---------- Collected material

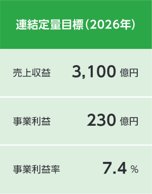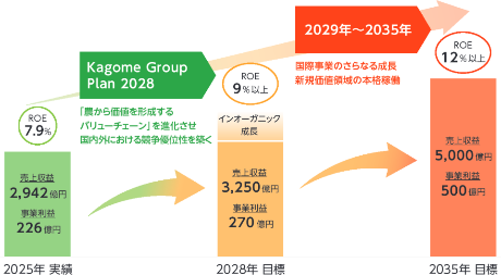 2035年の新たな目標は売上収益5,000億円、事業利益500億円、ROE12%以上です。この目標に向けた最初のステップとなる中期経営計画「Kagome Group Plan 2028」においては、収益基盤の強化と、成長・新規価値領域への資源投下による競争力の強化に取り組み、オーガニック・インオーガニック両面での成長を実現します。
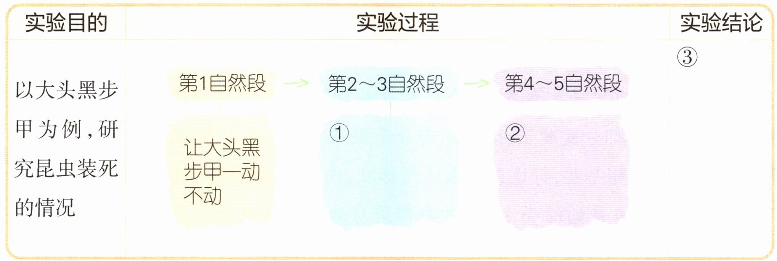 1. ①放表来记录大头黑步甲的静卧时间并观察其静卧状态 ②观察大头黑步甲“复活”后的反应,并进行多次实验 ③昆虫连续装死时,每一次的持续时间都不相同,长短不一
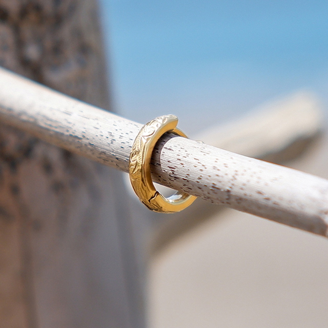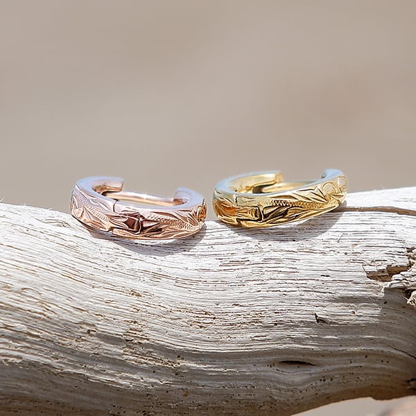 ハワイでは愛する人から想いを込めてハワイアンジュエリーを贈る習慣があります。 職人技の光る彫でハワイアンモチーフを描いた、ミニフープピアスです。 ステンレスならではの質感と艶感で丸みのある甲丸ラインに沿って 繊細で細やかなスクロール柄が全体に描かれています。 丸みのあるトップが光りを返し陰影のある表情が 耳元でアクセントになり大人らしい程ネイティブなスタイルの完成です。
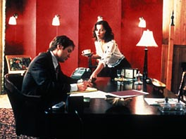 タイプ打ちと電話番に、彼女は賢明に励む。 仕事でしくじるたびに、彼女は不安になる。 そして、身体傷つけセットを使って、精神の安定を保っていた。 それがあるとき、エドワードの知るところとなる。 彼も自分の欲望が変形しており、人間関係では悩んでいた。 そのためか、エドワードは彼女の資質を嫌悪することなく、むしろそれを刺激する。 なんとそれは、彼女のお尻をたたくことだった。 お尻をたたかれたリーは性的に感じてしまい、やがてそれが彼への愛情に変わっていく。 すると、今までの自傷癖とも決別できるようになった。 2人の間には、不思議な関係が持続されるようになる。 インテリ弁護士が精神的に悩み、単調な仕事の秘書も精神的に悩んでいた。 精神が時代の鍵になりつつある現状に、この映画は非常識的な迫り方をしている。 尋常ではない迫り方に、現代的な問題意識が強く感じられる。 マニアの世界はそれで良い。 この映画にせよ本サイトにせよ、今まで特殊だと言われる精神が、通常の世界とも通底し始めている、と考える。 それがマニアとは違った見方である。 精神は各人各様で、それこそ幾通りもある。 しかし、だからといって他人と折り合いを、付けなくても良いというわけではない。 この映画の主張は、特異な精神的嗜好をもっていても、通常に認められるべきだという。 自傷癖を直せとは言わない。 むしろ、サディスティックな快楽を肯定する。 多くの精神療法が平均人とか、普通人を想定し、逸脱から復帰させようとするのに対して、この映画は逸脱自体を肯定し、逸脱を楽しもうとする。 フロイトなどの近代的発想から完全に離れて、変幻きわまりない人間の人間たる所以を肯定している。 近代工業社会の理念とは、工場で生産される物のように、標準的な均一の規格物が良しとされた。 人間も同様であり、あるべき標準が想定されているから、標準になるように教育された。 その典型が学校である。 同じカリキュラムで、同じ時間に全員が同じ方向を向いて、教室に座っている。 画一化に耐えられない人間は、欠陥品として排除された。 しかし、情報社会化する今、規格型の教育は有効性を失った。 と同時に、精神的な逸脱も問責されることなく、そのまま許容され始めた。 しかし、「ゴースト ワールド」や「ウエルカム ドールハウス」などの主人公が、不美人であるのを見ても判るように、女性に稼ぎがあり精神が問題の時代になると、美醜はあまり問題にならなくなる。 この映画でも主人公は決して美人ではないが、趣味を同じくするエドワードは彼女を心から愛している。 そして、軽く虐めながら、互いに欲情する。 屈折した性的快楽の肯定が実に潔い。 幼なじみのピーター(ジェレミー・デイヴィス)が求婚してくれるが、サディスティックな趣味を共有できなので、彼女はどうしてものれない。 自虐的な女性を描く映画が、サンダンスで評判になる。 アメリカの女性たちは、屈折した精神=男性から虐められることをも、相対化できる地平に至ったのだろうか。 この映画の主張は、男女が対等に愛し合うといった次元を突き抜けている。 我が国のフェミニズムの資質では、この映画を認めることはできないだろう。 いや理解すらできないに違いない。 しかし、個人主義が徹底するとは、当人たちが許容すれば、いかなる関係も認めることになる。 個人主義的発想は、社会的な視点を欠落させやすいので、必ずしも全面的には賛成できないが、精神的な世界を問題にする限り、肯定せざるを得ない。 この映画が描くのは、すでに芸術や哲学の世界である。 だから、我が国のフェミニズムが理解できないのは当然かも知れない。 一種ヨーロッパのデカダン的な雰囲気があり、アメリカの精神が成熟しつつあるのがよく分かる。 ヨーロッパとの違いは、それを貴族的な世界に閉じこめておおかず、大衆的な次元へと解放していることである。 イギリスの議員が、しばしば性的スキャンダルをおこすが、あれと同様な趣味がスキャンダルとはならない社会を、アメリカは作り始めている。 最後にリーは、専業主婦へと納まるのが気になった。 しかし、隠れてするから楽しいのではなく、自分の身体が要求する快楽そのものを肯定する。 そんな自虐的な世界を、この映画は楽しく描いている。 映画を見ている最中から、谷崎的世界を思い出していた。 谷崎の描く世界は、個人に耽溺するがゆえに世界性がある。 近代は一過的なものだが、人間は普遍的なのである。 時代認識の目に、星を一つ献上する。 2001年アメリカ映画 |

--------------------

**Exercise:** When you retype the material above, keep every word exact and drop the images.

**Worked solution:**
 2035年の新たな目標は売上収益5,000億円、事業利益500億円、ROE12%以上です。この目標に向けた最初のステップとなる中期経営計画「Kagome Group Plan 2028」においては、収益基盤の強化と、成長・新規価値領域への資源投下による競争力の強化に取り組み、オーガニック・インオーガニック両面での成長を実現します。
 1. ①放表来记录大头黑步甲的静卧时间并观察其静卧状态 ②观察大头黑步甲“复活”后的反应,并进行多次实验 ③昆虫连续装死时,每一次的持续时间都不相同,长短不一
 ハワイでは愛する人から想いを込めてハワイアンジュエリーを贈る習慣があります。 職人技の光る彫でハワイアンモチーフを描いた、ミニフープピアスです。 ステンレスならではの質感と艶感で丸みのある甲丸ラインに沿って 繊細で細やかなスクロール柄が全体に描かれています。 丸みのあるトップが光りを返し陰影のある表情が 耳元でアクセントになり大人らしい程ネイティブなスタイルの完成です。
 タイプ打ちと電話番に、彼女は賢明に励む。 仕事でしくじるたびに、彼女は不安になる。 そして、身体傷つけセットを使って、精神の安定を保っていた。 それがあるとき、エドワードの知るところとなる。 彼も自分の欲望が変形しており、人間関係では悩んでいた。 そのためか、エドワードは彼女の資質を嫌悪することなく、むしろそれを刺激する。 なんとそれは、彼女のお尻をたたくことだった。 お尻をたたかれたリーは性的に感じてしまい、やがてそれが彼への愛情に変わっていく。 すると、今までの自傷癖とも決別できるようになった。 2人の間には、不思議な関係が持続されるようになる。 インテリ弁護士が精神的に悩み、単調な仕事の秘書も精神的に悩んでいた。 精神が時代の鍵になりつつある現状に、この映画は非常識的な迫り方をしている。 尋常ではない迫り方に、現代的な問題意識が強く感じられる。 マニアの世界はそれで良い。 この映画にせよ本サイトにせよ、今まで特殊だと言われる精神が、通常の世界とも通底し始めている、と考える。 それがマニアとは違った見方である。 精神は各人各様で、それこそ幾通りもある。 しかし、だからといって他人と折り合いを、付けなくても良いというわけではない。 この映画の主張は、特異な精神的嗜好をもっていても、通常に認められるべきだという。 自傷癖を直せとは言わない。 むしろ、サディスティックな快楽を肯定する。 多くの精神療法が平均人とか、普通人を想定し、逸脱から復帰させようとするのに対して、この映画は逸脱自体を肯定し、逸脱を楽しもうとする。 フロイトなどの近代的発想から完全に離れて、変幻きわまりない人間の人間たる所以を肯定している。 近代工業社会の理念とは、工場で生産される物のように、標準的な均一の規格物が良しとされた。 人間も同様であり、あるべき標準が想定されているから、標準になるように教育された。 その典型が学校である。 同じカリキュラムで、同じ時間に全員が同じ方向を向いて、教室に座っている。 画一化に耐えられない人間は、欠陥品として排除された。 しかし、情報社会化する今、規格型の教育は有効性を失った。 と同時に、精神的な逸脱も問責されることなく、そのまま許容され始めた。 しかし、「ゴースト ワールド」や「ウエルカム ドールハウス」などの主人公が、不美人であるのを見ても判るように、女性に稼ぎがあり精神が問題の時代になると、美醜はあまり問題にならなくなる。 この映画でも主人公は決して美人ではないが、趣味を同じくするエドワードは彼女を心から愛している。 そして、軽く虐めながら、互いに欲情する。 屈折した性的快楽の肯定が実に潔い。 幼なじみのピーター(ジェレミー・デイヴィス)が求婚してくれるが、サディスティックな趣味を共有できなので、彼女はどうしてものれない。 自虐的な女性を描く映画が、サンダンスで評判になる。 アメリカの女性たちは、屈折した精神=男性から虐められることをも、相対化できる地平に至ったのだろうか。 この映画の主張は、男女が対等に愛し合うといった次元を突き抜けている。 我が国のフェミニズムの資質では、この映画を認めることはできないだろう。 いや理解すらできないに違いない。 しかし、個人主義が徹底するとは、当人たちが許容すれば、いかなる関係も認めることになる。 個人主義的発想は、社会的な視点を欠落させやすいので、必ずしも全面的には賛成できないが、精神的な世界を問題にする限り、肯定せざるを得ない。 この映画が描くのは、すでに芸術や哲学の世界である。 だから、我が国のフェミニズムが理解できないのは当然かも知れない。 一種ヨーロッパのデカダン的な雰囲気があり、アメリカの精神が成熟しつつあるのがよく分かる。 ヨーロッパとの違いは、それを貴族的な世界に閉じこめておおかず、大衆的な次元へと解放していることである。 イギリスの議員が、しばしば性的スキャンダルをおこすが、あれと同様な趣味がスキャンダルとはならない社会を、アメリカは作り始めている。 最後にリーは、専業主婦へと納まるのが気になった。 しかし、隠れてするから楽しいのではなく、自分の身体が要求する快楽そのものを肯定する。 そんな自虐的な世界を、この映画は楽しく描いている。 映画を見ている最中から、谷崎的世界を思い出していた。 谷崎の描く世界は、個人に耽溺するがゆえに世界性がある。 近代は一過的なものだが、人間は普遍的なのである。 時代認識の目に、星を一つ献上する。 2001年アメリカ映画 |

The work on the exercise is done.